It should not have surprised them to find the angel in that preserved condition. The fingernails, nacreous as the inside of an oyster shell; the long smooth navel-less stomach; the eerie translucency of the skin—everything about the creature was as they knew it would be, even the positioning of the wings were correct. And yet, it was too lovely, too vital for something they had studied only in airless libraries, prints of quattrocento paintings spread before them like roadmaps. All of their professional lives they had waited to see it. Although not one of them would have admitted it, they secretly suspected to find a monstrous corpse, all bones and fiber shreds, like something unearthed from an archeological dig. Instead, there was this: A delicate tapering hand, an aquiline nose, pink lips pressed in a frozen kiss. The Angelologists hovered above the body, gazing down in anticipation, as if they expected the creature to blink its eyes and wake.

[…]

Saint Rose Convent, Hudson River Valley, Milton New York
December 22, 1999 4:45 AM

Evangeline woke before the sun rose, when the fourth floor was silent and dark. Quiet, so as not to wake the Sisters who had prayed through the night, she gathered her shoes, stockings and skirt in her arms and walked barefoot to the communal lavatory. She dressed quickly, half asleep, without looking in the mirror. From a sliver of bathroom window she surveyed the convent grounds, covered in a pre-dawn haze. A vast snowy courtyard stretched to the water's edge, where a scrim of barren trees limned the Hudson. Saint Rose Convent perched precariously close to the river's edge, so close that in daylight there seemed to be two convents—one on land and one wavering lightly upon the water, the first folding out into the next, an illusion broken in summer by barges and in winter by teeth of ice. Evangeline watched the river flow by, a wide strip of black rubbing against the pure white snow. Soon, morning would gild the water with sunlight.

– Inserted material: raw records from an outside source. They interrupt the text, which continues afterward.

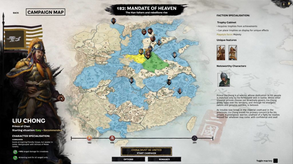 Total War: Three Kingdoms – Mandate of Heaven‘s leader selection screen will tell you that Liu Chong is an “easy/recommended” choice to start your campaign with. He’s extremely lethal due to all the crossbow and ranged unit buffs, although some of his mechanics are not well-suited for empire-building or resource-generation.
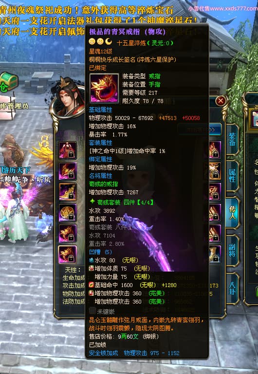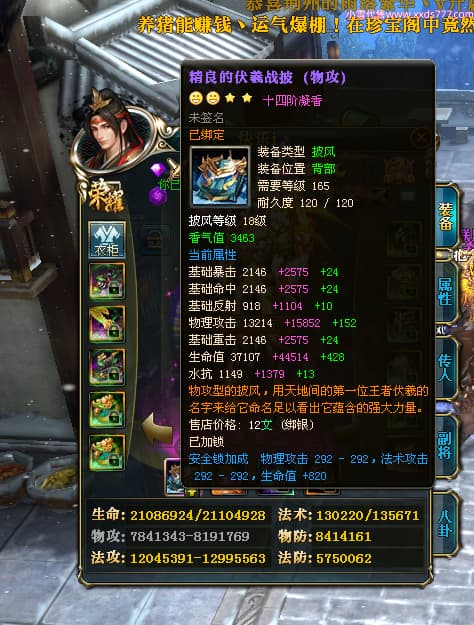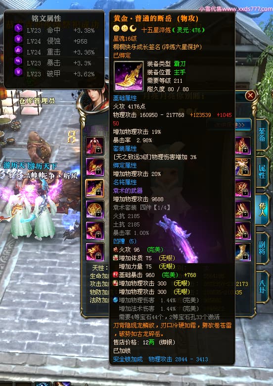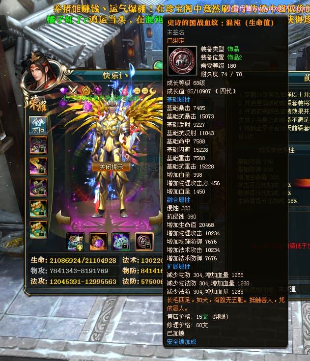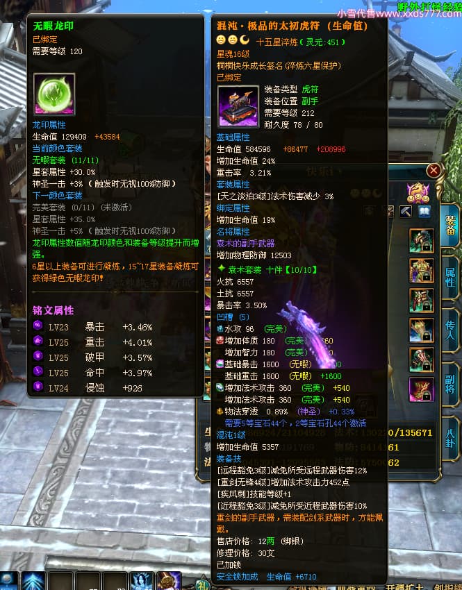 编号T24352 快乐i丶 龙腾问鼎 青州 本国排名12名 18770W战力 人物黄金普通橙15X(5件混沌) 传人精良紫15X 副将精良紫15X 马普通橙12X 精良紫14披风 人物星魂16级 传人星魂12级 副将星魂6级 马星魂13级 人物铭刻15级 点亮16星 马铭刻12级 点亮12星 人绿龙印 马黄龙印 六等单双属性神圣完美无瑕石头 黄蓝绿孔
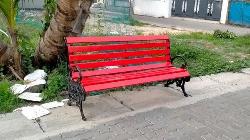 Antique With Arm Rest Cast Iron Leg Frp Strip Garden Bench, With Back, Size/Dimension: 1.5 M. FRP Strip Cast Iron Leg Garden Bench Spec: 1.5 m length Eight strip Lion head Leg ,Out door and Indoor useItem
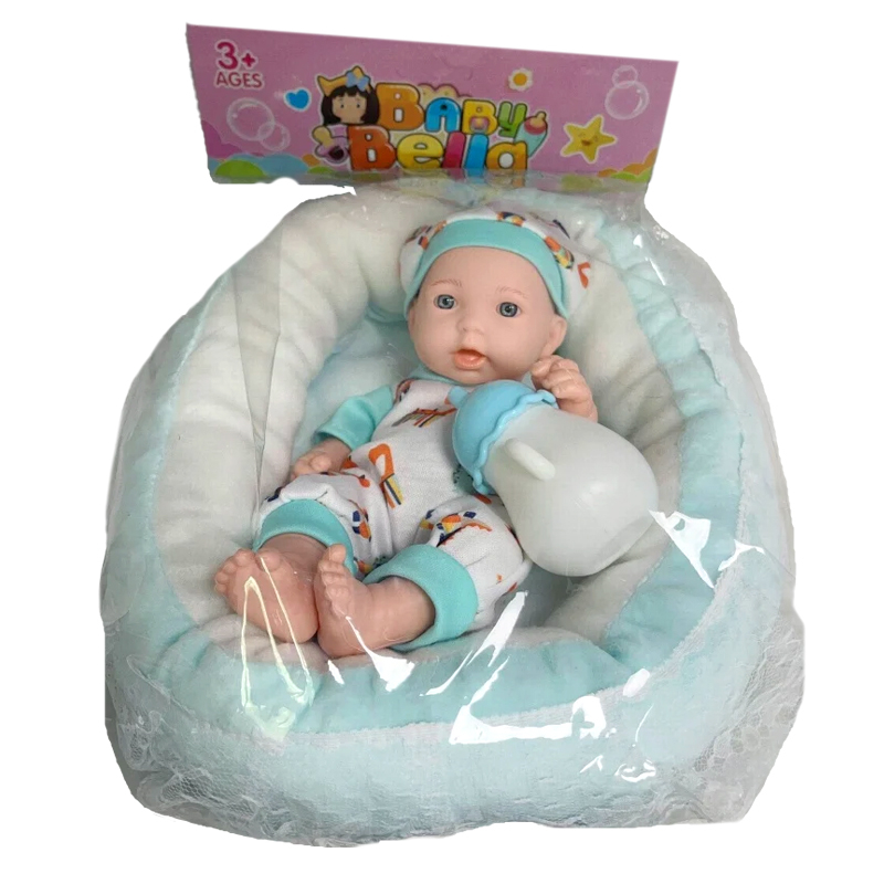 Bebeluș adorabil pe pernuță moale, perfect pentru joaca de rol. Materiale sigure, design realist și prieten ideal pentru cei mici!

Bending before the porcelain sink, Evangeline splashed cold water over her face, dispelling the remnants of a dream. She could not recall the dream, only the impression it made upon her—a wash of foreboding that left a pall over her thoughts, a sensation of loneliness and confusion she could not explain. Half asleep, Evangeline peeled away her heavy flannel night shift and, feeling the chill of the bathroom, shivered. Standing in her white cotton briefs and cotton undershirt (standard garments ordered in bulk and distributed bi-yearly to all of the Sisters at Saint Rose), she looked at herself with an appraising, analytic eye—the thin arms and legs, the flat stomach, the tussled black hair, the golden pendant resting upon her breastbone. The reflection floating upon the glass before her was that of a sleepy young woman.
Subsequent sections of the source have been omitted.